Data Snooping Biases in Tests of Financial Asset Pricing Models1990
Tests of financial asset pricing models may yield misleading inferences when properties of the data are used to construct the test statistics. In particular, such tests are often based on returns to portfolios of common stock, where portfolios are constructed by sorting some empirically motivated characteristic of the securities such as market value of equity. Analytical calculations, Monte Carlo simulations, and two empirical examples show the effects of this type of data snooping can be substantial.
When Are Contrarian Profits Due To Stock Market Overreaction?1990
If returns on some stocks systematically lead or lag those of others, a portfolio strategy that sells "winners" and "losers" can produce positive expected returns, even if no stock's returns are negatively autocorrelated as virtually all models of overreaction imply.

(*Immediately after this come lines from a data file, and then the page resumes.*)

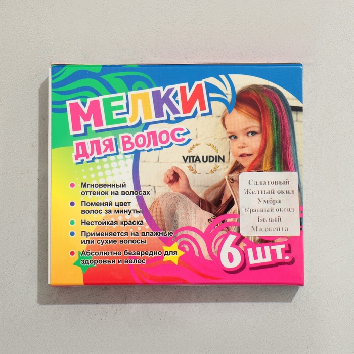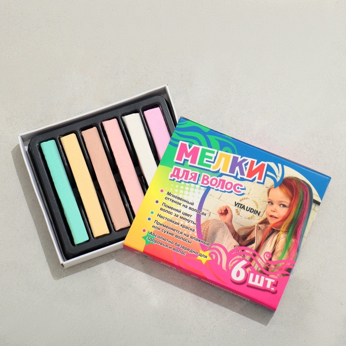 Набор мелков для волос, 6 шт. Цвета: салатовый, желтый, умбра, красный, белый, маджента — Характеристики
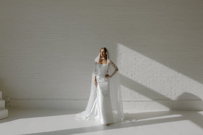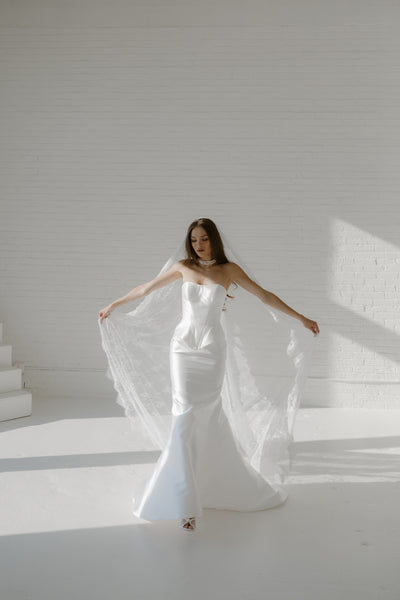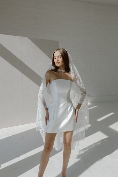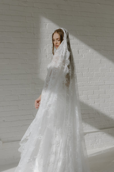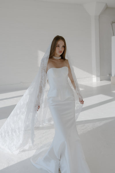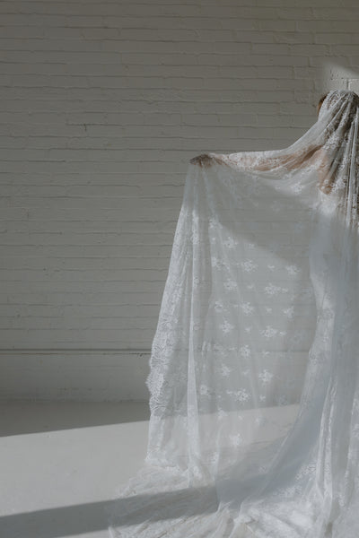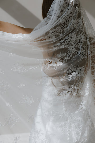 This veil features a cascade of soft floral embroidery that trails into a scalloped lace edge. Perfect for making an unforgettable entrance. Ultra-light and effortlessly romantic.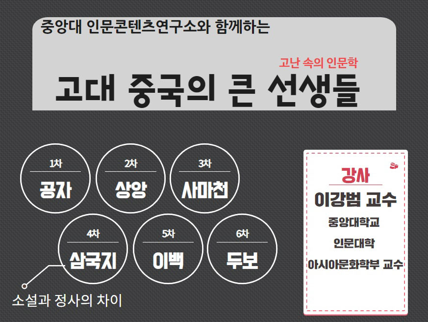 총 6회 진행되는 야간 무료 인문학 강좌로 중국 고전에 나오는 인물 중심으로 그들이 겪었던 고난을 어떻게 극복을 했는지를 함께 나누는 시간입니다.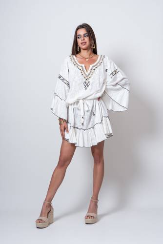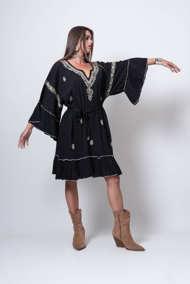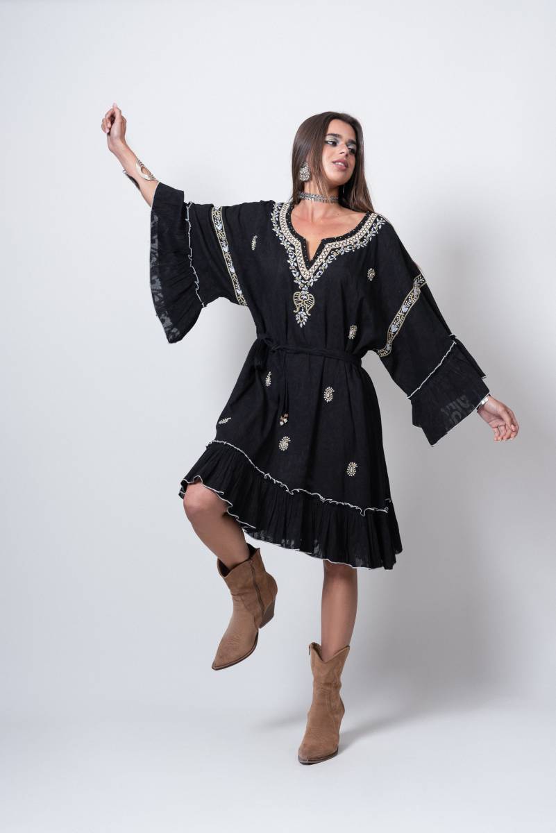 Robe courte ethnique bohème chic, brodée et perlée, ultra féminine de Yaatra, voici la robe de la collection ethnique Cologne !
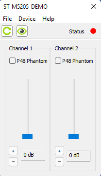 Remote Configuration Capability: preamplifier gain and P48 phantom power on/off status (uses STcontroller application)

Using a particular contrarian strategy we show that, despite negative autocorrelation in individual stock returns, weekly portfolio returns are strongly positively autocorrelated and are the result of important cross-autocorrelations. We find that the returns of large stocks lead those of smaller stocks, and we present evidence against overreaction as the only source of contrarian profits.
An Econometric Analysis of Nonsynchronous Trading1990
We develop a stochastic model of nonsynchronous asset prices based on sampling with random censoring. In addition to generalizing existing models of nontrading, our framework allows the explicit calculation of the effects of infrequent trading on the time series properties of asset returns. These are empirically testable implications for the variance, autocorrelations, and cross-autocorrelations of returns to individual stocks as well as to portfolios. We construct estimators to quantify the magnitude of nontrading effects in commonly used stock returns data bases, and show the extent to which this phenomenon is responsible for the recent rejections of the random walk hypothesis.